James Morrow, founder and chief executive of Callodine, said these attributes were part of the attraction for the yield-focused investment management company.
“When we look at the broader market, there is a lack of yield. A strategy like Thorofare’s and broadening out what they can offer fits squarely in with what we’re trying to achieve, with a yield and income focus. These are factors that will be important for investors,” Morrow told affiliate title Real Estate Capital USA.
Miller and Morrow detailed a broad plan of expansion, discussing the potential for expanding Thorofare’s existing products into new areas of the market that include core-plus subordinate debt, JV equity and preferred equity.
“We will benefit from the capital and expertise of Callodine, but we will also see a significant benefit from their balance sheet,” Miller told Real Estate Capital USA.
“We want to be able to offer the full product set to reach borrowers from acquisition to bridge to special situation. One-stop shopping is something we’d love to provide to our borrower base.”

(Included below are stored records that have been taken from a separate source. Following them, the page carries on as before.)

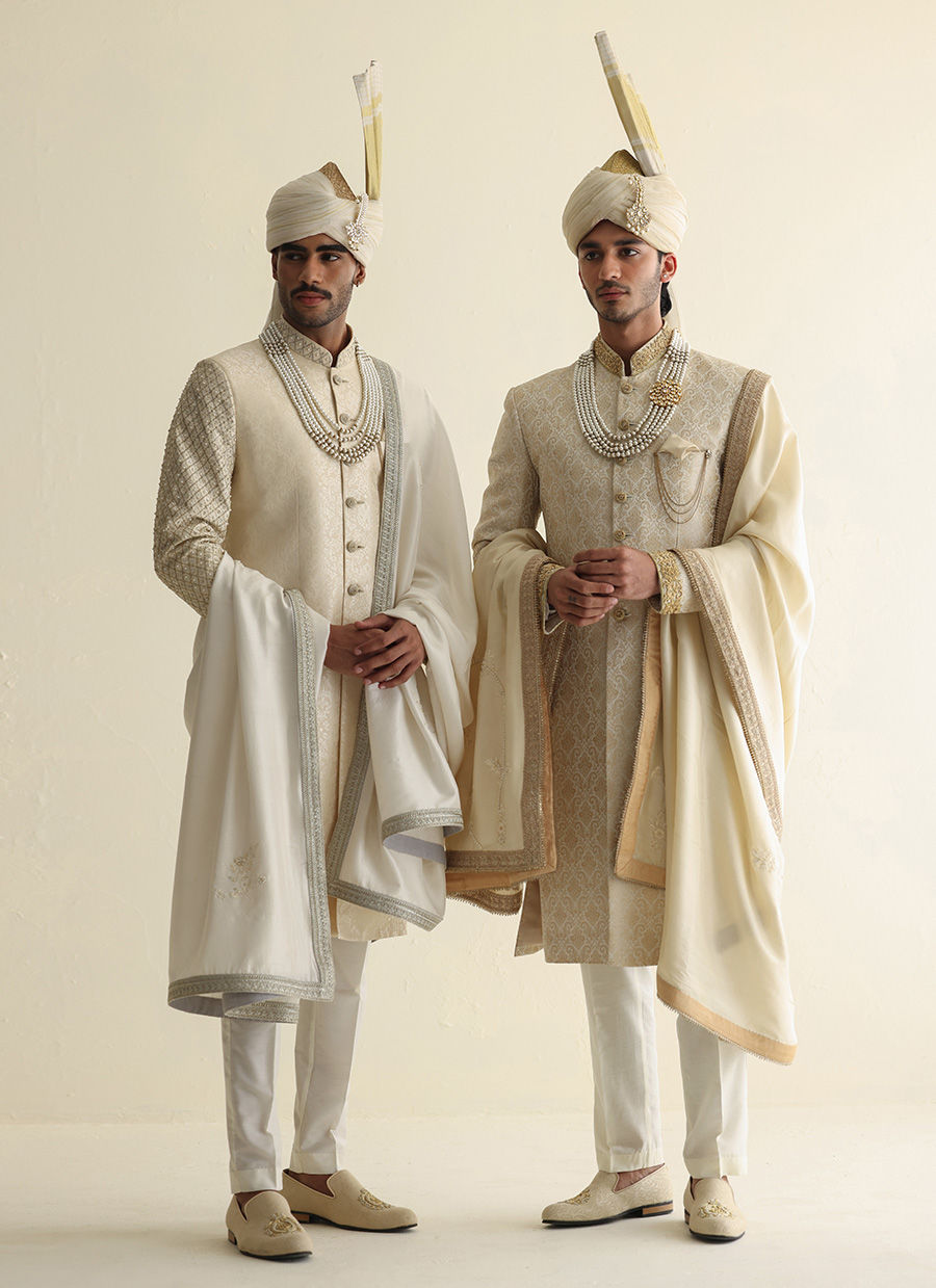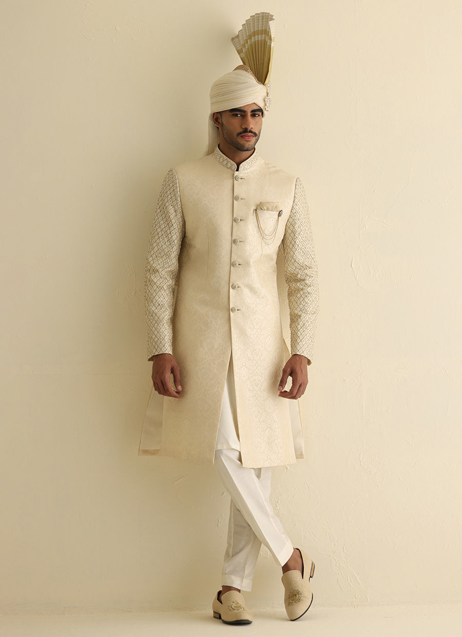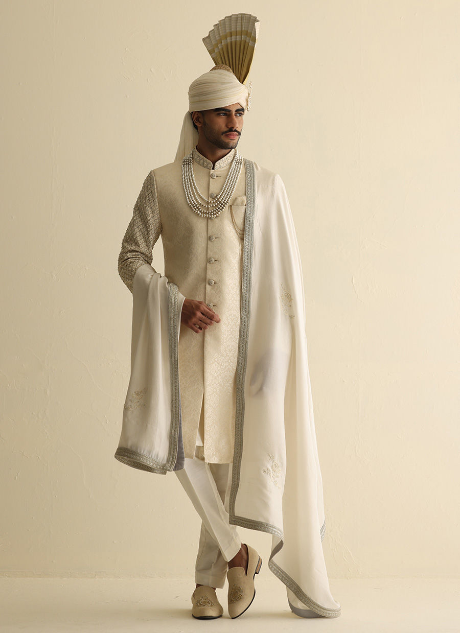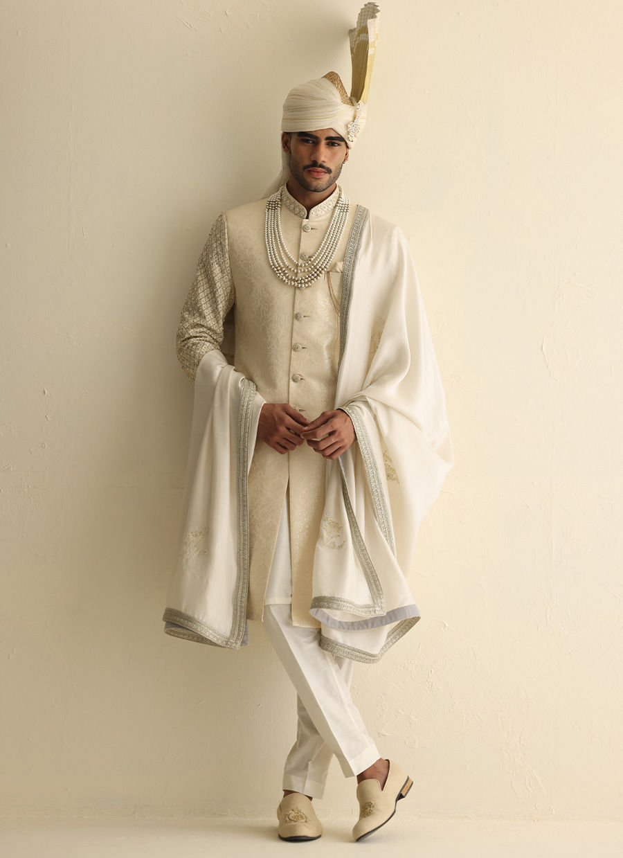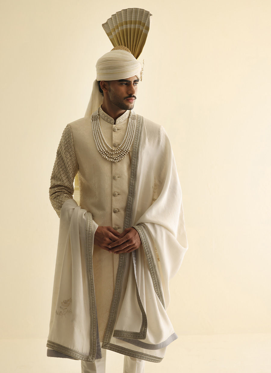 Off-white gold jamawar sherwani with hand-embroidered sleeves and collar embellished with pearls, paired with a matching jamawar shawl and an Atchison turban for a majestic ceremonial ensemble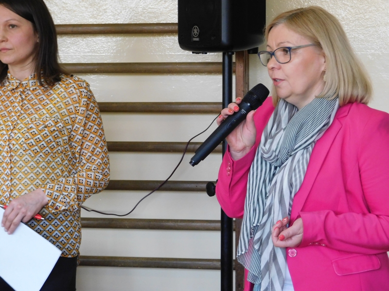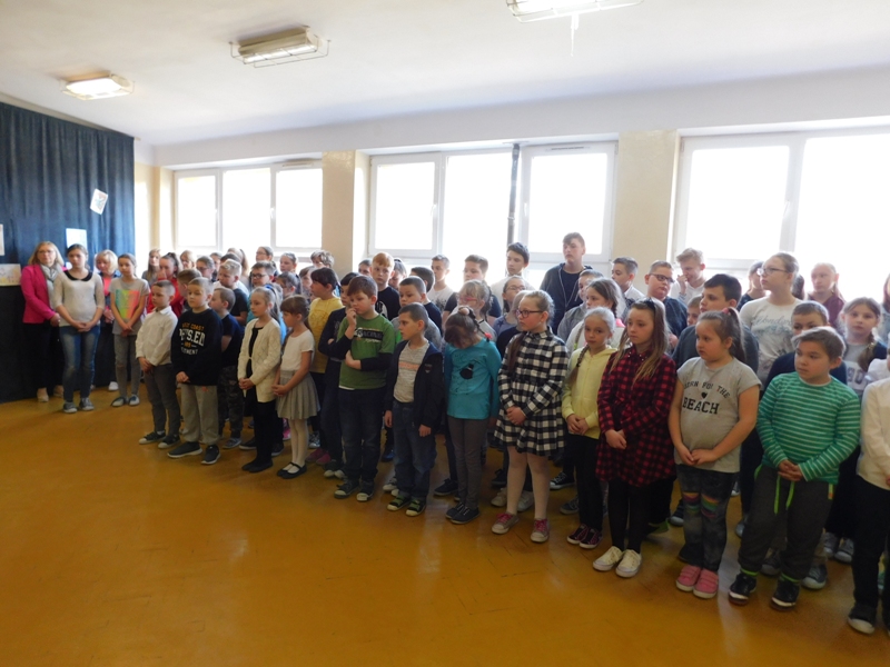 Uczestników i zgromadzoną w sali gimnastycznej publiczność powitała Dyrektor Szkoły pani Małgorzata Sobień. Uroczystość prowadziła przewodnicząca SU Kinga Morawska z klasy VII.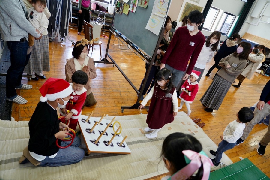 自己紹介からスタートし、宝探しゲーム、子供玉入れ、○×クイズと盛りだくさんのプログラムを楽しむ子どもたち。大人達は親同士でコミュニケーションをとりながら子どもたちをサポート。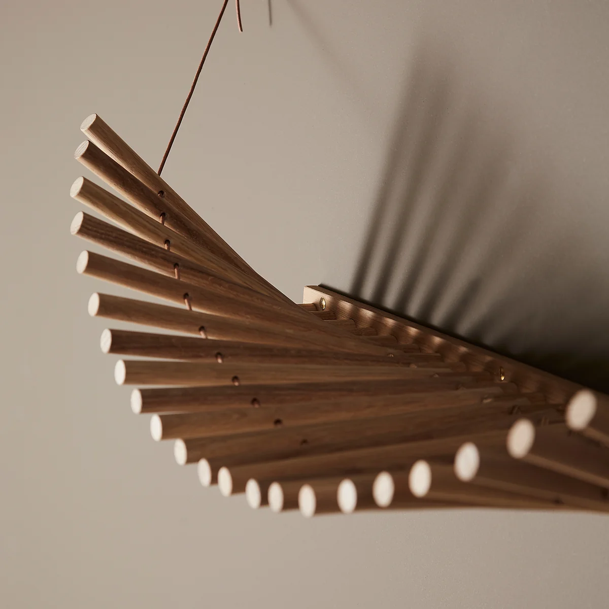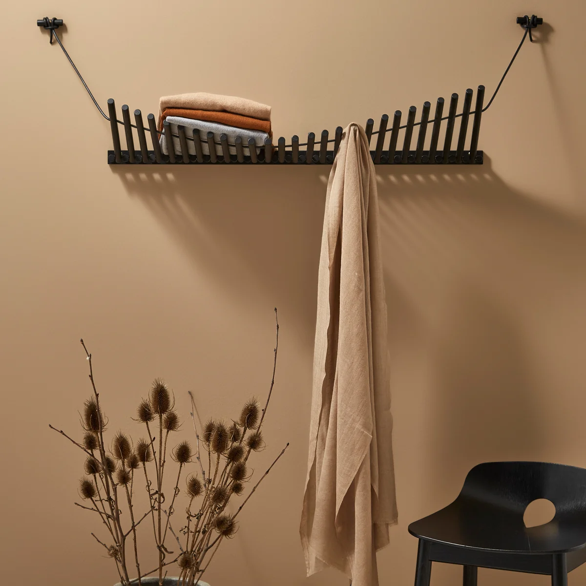 The Knaegt wall mounted wardrobe from Woud convinces with its elegant aesthetics. The simple repetition of wooden sticks with a continuous leather cord makes the wardrobe dynamic, as the line created by the sticks changes depending on what is hanging on the shelf. This gives the wardrobe a modern, lively character.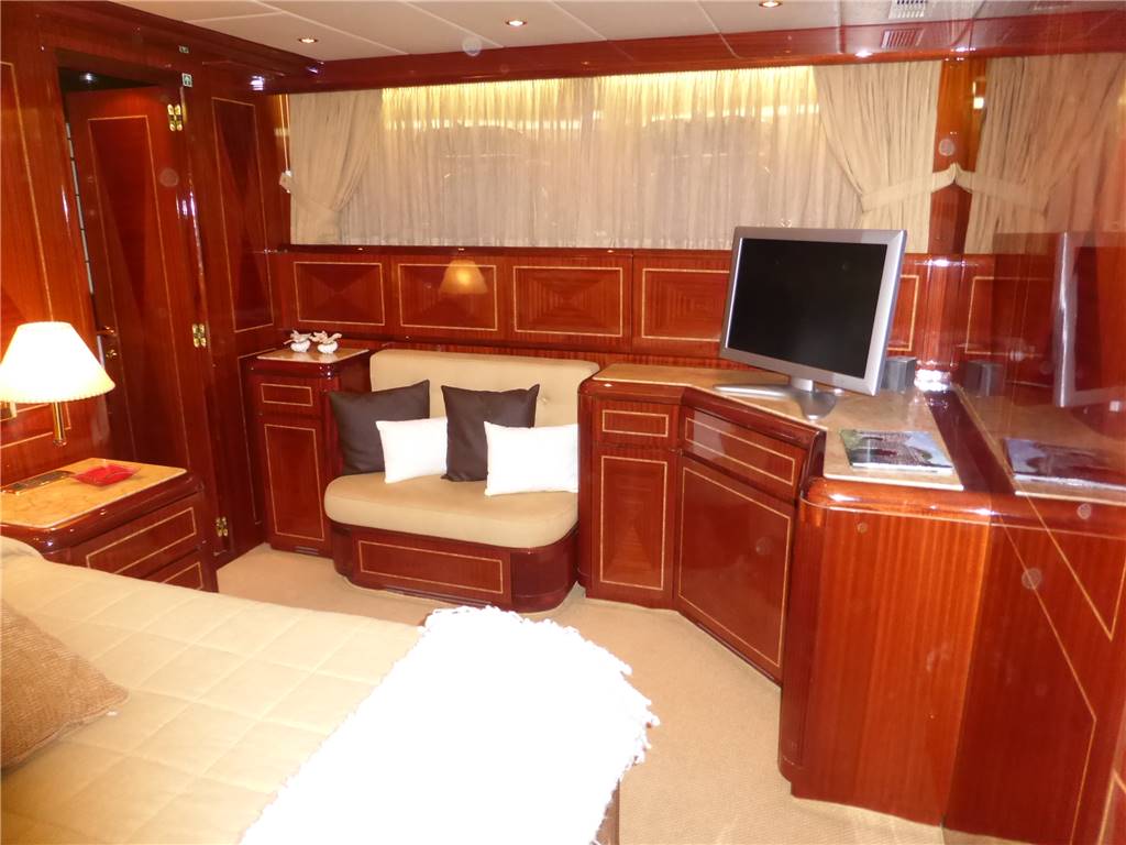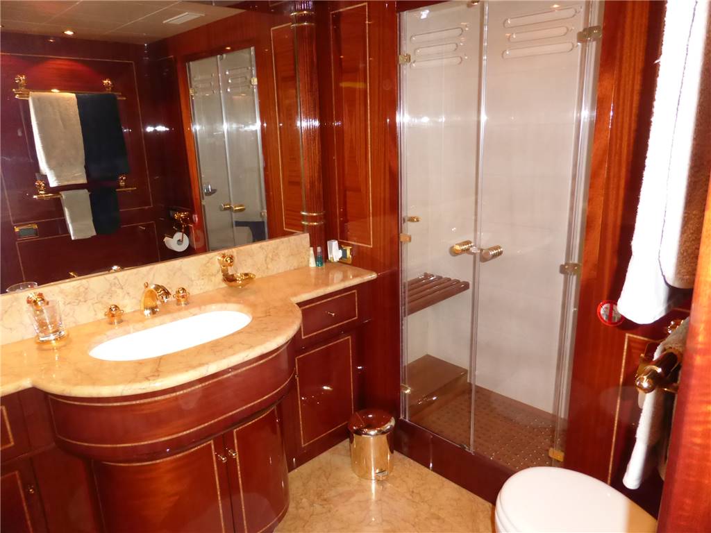 Notas internasNotas de la instrumentaciónAutopilot: Robertson Simrad AP9MK3,Compass: KVH,Depth Sounder: Simrad,GPS/Plotter: Simrad CE44,Furuno GPS,Radar: Furuno,Radio: VHF (Skanti),Wind Gauge: Simrad,Dishwasher: Zanussi LS3,Fridges: 6 in Galley (Frigit),1 in Main Salon,(Frigit)Icemaker: In main Salon,Microwave: Miele M615EG,Stove: Miele,Oven: Miele,Washing Machine: 2x Miele Novotronic WT945,Sound & Video Main Deck Salon: TV LCD,Pioneer DVD 5.1 CH Surround System,Satellite Decoder (Aston),Master Cabin: TV LCD (Sharp),DVD (Phillips),Satellite Decoder (Aston),VIP Cabin: TV (Sharp LC20VMZ),DVD (Sony) Satellite Decoder (Aston),Port GuestCabin:TV DVD,Starboard Guest Cabin: TV-DVD,Crew Area & Galley: Car Stereo (Panasonic),DVD (Sony) VHS (Sony),Decoder (Nokia Media master 9800S)Notas de armamentoAria condizionata Elica di manovra di prua idraulica Allarme motore Allarme sentina Doppia Ancora Autoclave Autogonfiabile Caricabatterie Cuscineria completa Doccia esterna Flap idraulici Impianto antincendio Lavaggio catena Passerella idraulica Piattaforma Pompa di sentina automatica Pozzetto Teak Raddrizzatore Scaletta bagno Winches Winches tonneggio di prua |

The partnership also means the expansion of Thorofare’s existing fund management platform and the potential addition of permanent capital vehicles. Permanent capital would give the company the ability to have a longer duration investment horizon, while increasing Thorofare’s access to capital, Miller noted.
Thorofare has originated more than $3 billion of loans since inception and has about $1.15 billion in AUM. Miller and Morrow declined to comment on potential growth, noting that the partners are looking at the business from a long-term perspective.
Callodine and Thorofare were introduced via Berkshire, an adviser to the latter. However, Morrow stated that Callodine had long been aware of Thorofare and wanted to get to know the business better. “We had a lot of mutual friends and connectivity that was very helpful in finding out more background and if we would be a cultural fit,” Morrow added.
On a property level, Miller noted the firm will continue to look across sectors. “We are very excited about particular asset classes: namely industrial, distribution, logistics and warehouse, cold storage and data centers,” he said. “Multifamily will also continue to be in vogue.”
Berkshire Global Advisors served as exclusive financial adviser and Kirkland & Ellis served as legal counsel to Thorofare. Meanwhile, Aviditi Advisors served as strategic advisor and Skadden, Arps, Slate, Meagher & Flom served as legal counsel to Callodine.